Thoracic low grade glial neoplasm with concurrent H3 K27M and PTPN11 mutations.

We present the case of a 41-year-old man who developed worsening mid-thoracic back pain and imaging revealed a well-circumscribed intramedullary tumor in the thoracic spinal cord. Subtotal resection was performed, and histopathological analysis showed a cytologically bland, minimally proliferative glial neoplasm. Sequencing revealed H3 K27M and an activating PTPN11 mutation. Serial imaging revealed slow tumor regrowth over a three year period which prompted a second resection. The recurrent tumor displayed a similar low grade-appearing histology and harbored the same H3 K27M and PTPN11 mutations as the primary. While the prognostic importance of isolated H3 K27M in spinal gliomas is well-known, the combination of these two mutations in spinal low grade glioma has not been previously reported. Importantly, PTPN11 is a component of the MAPK signaling pathway. Thus, as building evidence shows that low grade-appearing gliomas harboring H3 K27M mutations along with BRAF or FGFR1 mutations have a relatively more favorable course compared to isolated H3 K27M-mutant midline gliomas, the present case provides new evidence for the prognostic importance of activating mutations in other components of the MAPK signaling pathway. This case further highlights the importance of clinico-radio-pathologic correlation when incorporating evolving genetic data into the integrated diagnosis of rare neuroepithelial tumors.

Introduction

Mutations in histone genes resulting in H3 K27M are recurrently found in diffuse midline gliomas (DMGs), which are aggressive, high grade glial neoplasms that most commonly occur in children. The defining mutations result in an amino acid change of lysine to methionine at the 28th amino acid (p.K28M) of H3.1 or H3.3 proteins, encoded by HIST1H3A and H3F3A genes, respectively.

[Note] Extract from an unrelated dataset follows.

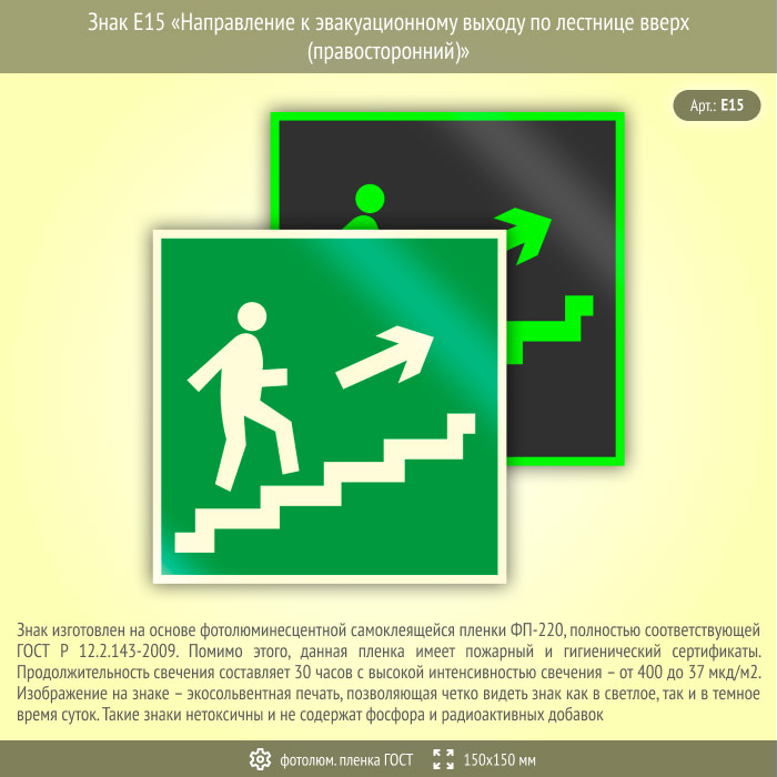 Знак E15 «Направление к эвакуационному выходу по лестнице вверх (правосторонний)» (фотолюминесцентная пленка ГОСТ 34428-2018, 150х150 мм) в Кызыле купить

The epigenetic reprogramming as a result of these histone mutations are thought to promote oncogenesis [1]. These mutations are most commonly seen in diffuse midline gliomas of the brainstem, thalamus and spinal cord, and in this context their presence carries a poor prognosis [2].

PTPN11 is a proto-oncogene tightly linked to regulation of the RAS/MAP-Kinase pathway. Germline mutations in this gene are seen in Noonan Syndrome, an autosomal dominant multiple congenital anomaly syndrome associated with a wide range of malignancies, including neuroblastoma and leukemias [3]. Somatic mutations in PTPN11 are linked to several solid tumors and hematologic malignancies [4]. While relatively rare, PTPN11 mutations have also been detected in a variety of neuroepithelial tumors, including glioblastoma, oligodendroglioma, pediatric low grade gliomas (LGG), and rosette-forming glioneuronal tumors [5-10].

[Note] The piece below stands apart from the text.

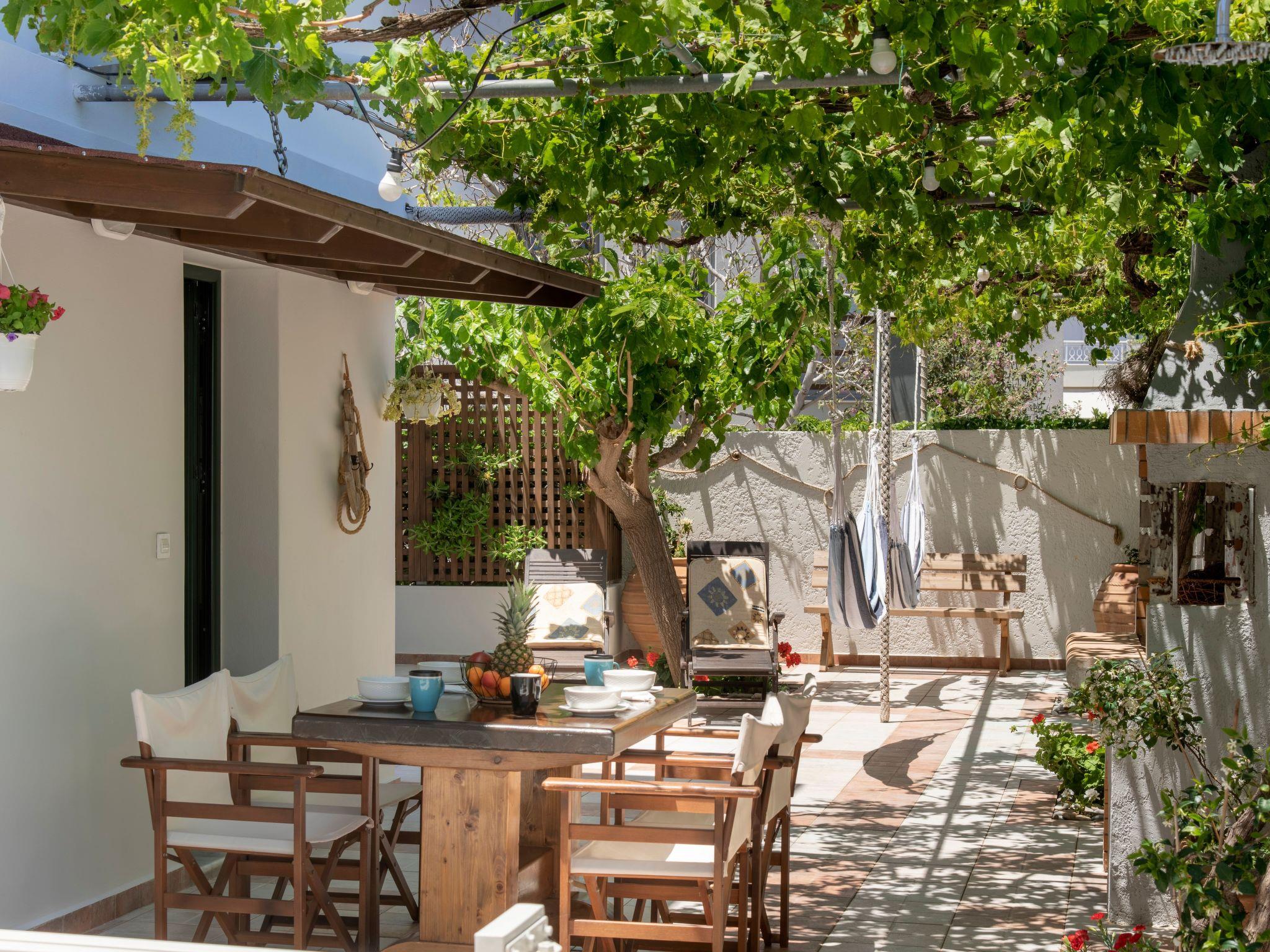 A recently (2020) renovated 2-bedroom with large patio underneath grape wine with hammocks, swing and lounges. Krevatina (=Vineyard) is one of 4 Paradisos villas, a gated area of relaxed serenity next to beach and village center. Paradisos villas are located in Koutsourás, a quiet, agricultural village in South-Eastern Crete. It is less than 2 km west of the tourist town of Makry Gialos, 23 km east of Ierapetra, and 33 km from Sitia. Located only a few minutes’ walk from a local pebble beach, bakery, and coffee shops, patisserie, super markets, bars, restaurants, and pharmacy, the villas combine romantic seclusion with proximity to modern comforts.

Here, we present a case of a 41-year-old male presenting with worsening mid-thoracic back pain, and diagnosed with a spinal neoplasm with low grade histopathological features and harboring both H3 K27M and PTPN11 mutations.

Case presentation

Initial presentation

The patient, a 41-year-old man, initially presented with a six-week history of worsening mid-thoracic back pain about 16 months after being involved in a motor vehicle accident as a pedestrian. At the time of the motor vehicle accident, a full skeletal survey demonstrated a non-displaced proximal fibular fracture, nasal bone fractures, bilateral thigh hematomas and nonspecific mildly enlarged lymph nodes. The patient reported no back pain at the time of the accident, and limited spinal imaging demonstrated no acute fracture or subluxation in the cervical spine. The patient left the hospital within one day and recuperated at home with the assistance of outpatient physical therapy.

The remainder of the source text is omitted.